The trays just lift out for cleaning or if they get too bad easy to replace and make new ones.
But anyway now I have it up and running I will continue to iron out bugs and improve on things over the next couple of weeks before I try it on any fry.
I figure the more volume I can put in the sump the better for the water quality and the fry. Since I thought the same as you , I don't want to lose a rack of fry..
I am not planning on keeping it in the bathroom, but for now it is a good place to test it out in case something goes wrong  :Opps:  A long history of &^%^ ups and water all over the place with people yelling at me has taught me something at least.
I will update more pics when it is all working well but for now I am actually surprised at how well it seems to work, better than I expected!

My budget roughly was:
1 shoe rack $17
2 bags of take away containers $5
2 bags of the filter media to glue in $5
4m airline $2
1 big thing of silicon $5
1 gravel cleaner $2 - the main lift hose with the suction thing cut off
1 old pump - but they are cheaper than ever now.

So it was really just an experiment that so far I am pleased with.
Scott.

----------


## stormhawk

Hi Scott, seeing your tray system is pretty interesting since I saw a very similar setup over at Ron's some time ago. Pretty much works on the same principles I guess but its a neat way to do things since fry love a slow constant flow of water. Plus, your system puts little stress on them via slow and subtle changes, if that's what I understand it to be.  :Laughing: 

Anyway, here's my system, which has worked efficiently for me in most cases at least.

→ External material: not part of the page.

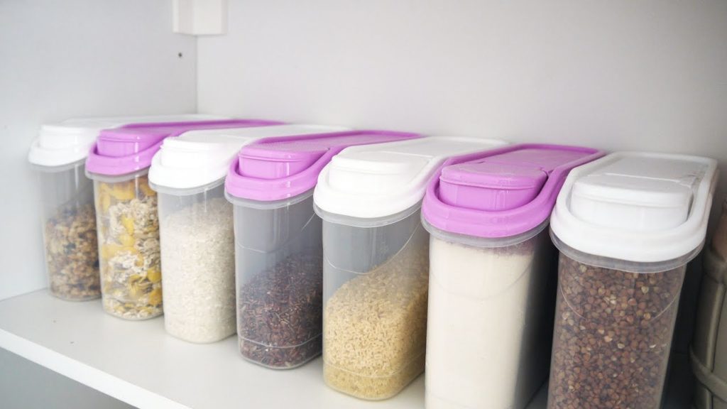 Pour les céréales, les spaghettis, les pâtes et autres produits en vrac, des récipients spéciaux sont fabriqués - généralement de couleur transparente, équipés d'un couvercle pratique pour verser les produits. Le matériau de fabrication peut être du plastique, du verre, du métal. Il est pratique de stocker les céréales dans de tels bocaux - les couvercles hermétiques ne permettent pas à l'humidité et à la poussière de pénétrer.

I use the upper tanks for keeping newborns and the lower tanks as spawning tanks or raising tank for larger sized fry that are able to handle foods like baby tubifex worms.

I keep the tanks separate from each other since I do not want to risk any sudden disease outbreaks from infecting other tanks. That is why I don't quite like the idea of a flow-through system. With the current sponge filter system I have in use, the bubbling flow of the water onto the water's surface has been adequate for my purposes in terms of oxygenation and also filtration. Keeps the fry happy for days on end. I only need to top up water lost via evaporation.  :Very Happy: 

About the paramecium, its interesting that you use oats cooked in hot water. It seems that I could culture them too via the oats that I use for sub-culturing my walterworm culture at home, of which the starter was courtesy of Mr Ronnie here.  :Wink:  

I think I'll be needing a paramecium culture soon since I'm expecting some tiny fry to be hatching out real soon..  :Shocked:

----------


## whuntley

I do not have _Paramecia_ right now, but wish I did. Pure cultures are hard to come by, as most hobbyists are a bit careless and usually contaminate their culture.

I kept a pure one going for a number of years, in Fremont. I used about a 1L jar that had a large glass lid with polyethylene gasket that made a good seal by just setting the lid on the jar.

Some folks use dried corn husks, but, as I recall, I just had a bare jar that was fed a drop or two of Liquifry No. 1 every day or two when I was actively using the culture, and about every week when it wasn't needed.

I had a baby medicine dropper in an unusual color that was the only thing in my fishroom to ever touch the culture water. Top-up water, to replace that used for feeding, was from a carbon-filtered storage barrel that was well covered and kept very clean. Since this was the prime potential for contamination, it was used very infrequently. I was careful to be sure no tank water containing other larger-than-bacteria organisms ever contacted the culture.

That original strain was obtained from a fellow BAKA member, who probably got his starter from Carolina Biologicals. It lasted for years without anything growing in it but the original strain of 2-300 micron _Paramecia_. They were big enough to see as individuals in a bright back light, and the jar was definitely cloudy when being fed enough to be useful as food.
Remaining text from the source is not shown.